The strict CO2 emission targets set to tackle the global climate change associated with greenhouse gas emission exerts so much pressure on our cities which contribute up to 75% of the global carbon dioxide emission level, with buildings being the largest contributor [1]. Premised on this fact, urban planners are required to implement proactive energy planning strategies not only to meet these targets but also ensure that future cities development is performed in a way that promotes energy-efficiency. This article gives an overview of the state-of-art of energy planning and forecasting approaches for aiding physical improvement strategies in the building sector.
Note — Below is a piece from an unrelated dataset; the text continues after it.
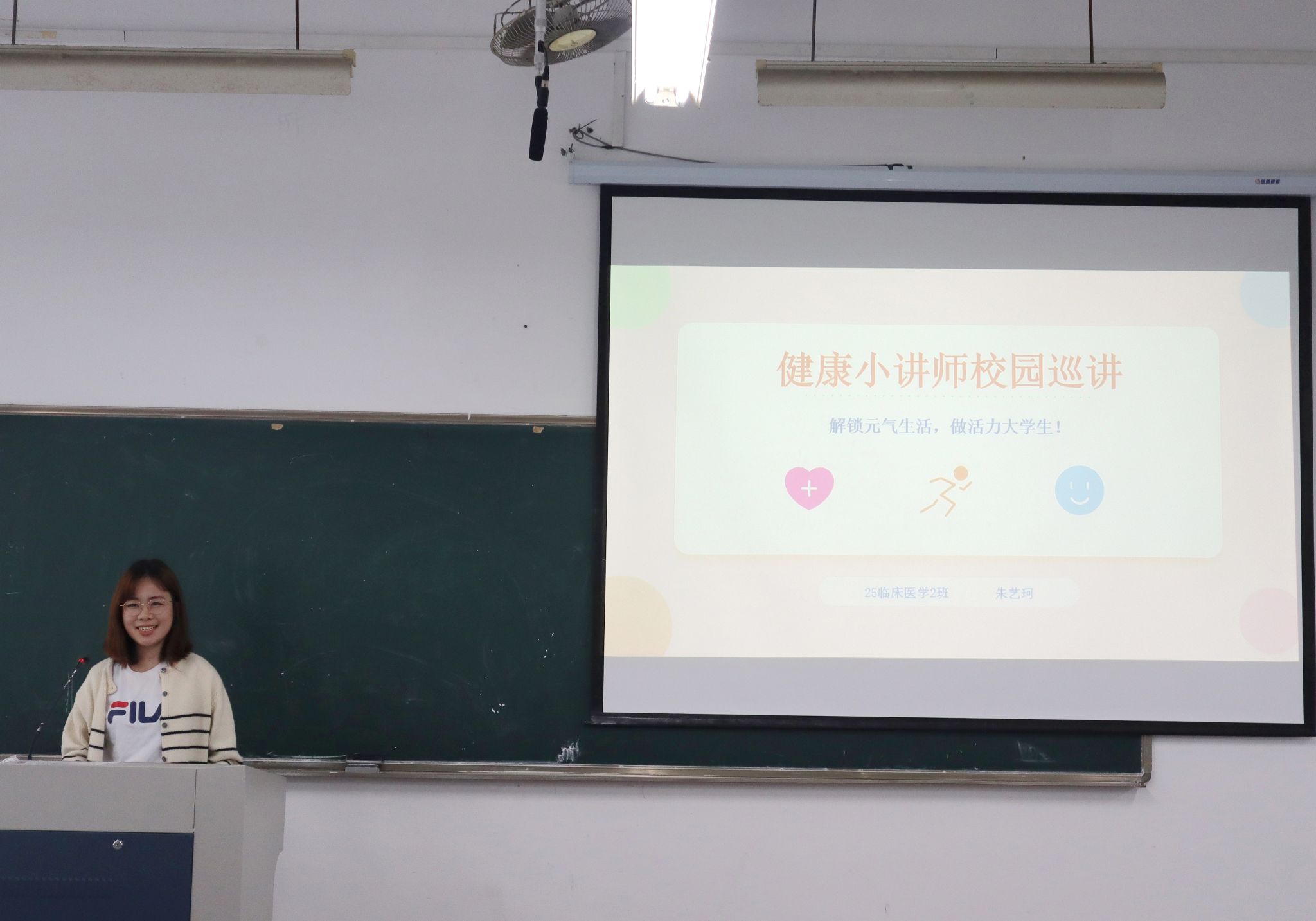 为深入普及健康知识,强化医学生的科普素养与实践应用能力,助力健康校园建设,4月9日下午,医学院于2-204教室举办“医路逐光,健行无疆”健康小讲师复赛。医学院分团委书记李袁杰、团学会主席团成员出席活动并担任评委,各班级学生代表到场观赛,共同感受医学科普的魅力。
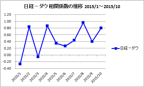 次に、日経平均とNYダウの月ごとの相関係数の推移をグラフにしてみました。相関係数は日足の終値で月末にその月の分を計算しています。市場によって祝日が異なるので、祝日はその前日の終値を採用。10月は半月分のデータしかありません。

Unlike previous reviews, which have addressed mainly the strengths as well as weaknesses of some of the approaches while referring to some relevant examples from the literature, this article focuses on critically analysing more approaches namely; 2D GIS and 3DGIS (CityGML) based energy prediction approaches, based on their frequent intervention scale, applicability in the building life cycle, and conventional prediction process. This will be followed by unravelling the gaps and issues pertaining to the reviewed approaches. Finally, based on the identified problems, future research prospects are recommended.

Suggested Citation

  • Chalal, Moulay Larbi & Benachir, Medjdoub & White, Michael & Shrahily, Raid, 2016. "Energy planning and forecasting approaches for supporting physical improvement strategies in the building sector: A review," Renewable and Sustainable Energy Reviews, Elsevier, vol. 64(C), pages 761-776.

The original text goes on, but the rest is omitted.